Clark's appreciation that television remains a performer's medium even when it deals with the abstract established the pattern for later pundit programs such as Alistair Cooke's America and Jacob Bronowski's The Ascent of Man, which were, like Civilisation, directed by Michael Gill. In all three programs the cultural cicerone and his locations are the stimulus for the presentation of ideas. "I am convinced that a combination of words and music, colour and movement can extend human experience in a way words alone cannot do," he remarked in the foreword to the book version of Civilisation. His series aired only two years after BBC-2 switched to full-color broadcasting and was intended in part as a dramatic introduction to the possibilities of the new technology.

Civilisation came at an opportune time for American public television, appearing in that venue after the BBC had tried in vain to place the series with the commercial networks.

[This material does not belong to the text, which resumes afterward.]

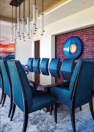 “THE UPHOLSTERED PIECES FEATURE CLEAN LINES TO COMPLEMENT THE ARCHITECTURE, BUT IT WAS ALSO IMPORTANT TO BALANCE THOSE LINES WITH RICH MATERIALS.”
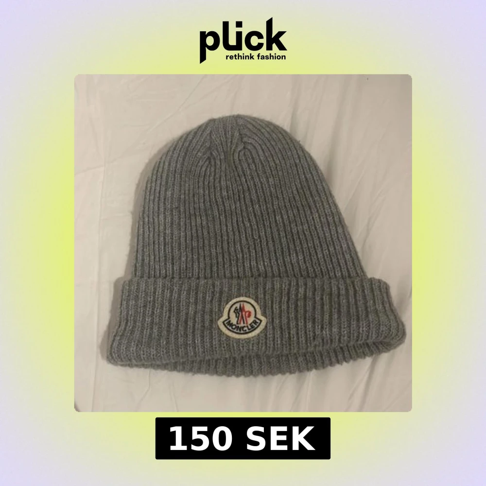 Snygg grå ribbstickad mössa från Moncler med klassisk uppvikt kant och broderad logotyp framtill. Tillverkad i mjukt och värmande material, perfekt för kyliga dagar. Enkel och stilren design som passar till det mesta. Vet ej om den är äkta därav priset

The program was underwritten by Xerox, which also provided $450,000 for an hour-long promotional programme (again produced by the BBC) to drum up business for the multipart broadcast. The nascent Public Broadcasting System received plaudits for carrying the programme, and Clark undoubtedly found his largest audience in the United States. The series's reach in America was demonstrated by the popularity of the precedent-setting Harper and Row tie-in book, which became a best seller despite its $15 price tag. Thus in addition to promulgating its comforting message about the survival capacities of a high culture besieged for a millennium by the forces of darkness, Civilisation had in the United States the serendipitous effect of demonstrating that high-culture television could in fact draw significant numbers of viewers.-Anne Morey

HOST: Kenneth Clark
PRODUCERS: Michael Gill, Peter Montagnon
PROGRAMMING HISTORY: BBC-2, 13 Episodes, 23 February-18 May, 1969
FURTHER READING
Clark, Kenneth. Civilisation: A Personal View. New York: Harper & Row, 1969.
_______________. The Other Half: A Self-Portrait. London: John Murray, 1977.
A Guide to Civilisation: The Kenneth Clark Films on the Cultural Life of Western Man. Introduction and notes by Richard McLanathan. New York: Time-Life, 1970.
Secrest, M. Kenneth Clark: A Biography. London: Weidenfeld & Nicolson, 1984.
Walker, John A. Arts TV: A History of Arts Television in Britain. London: John Libbey & Company, 1993.
_______________. "Clark's Civilisation in Retrospect." Art Monthly (London), December-January 1988-89.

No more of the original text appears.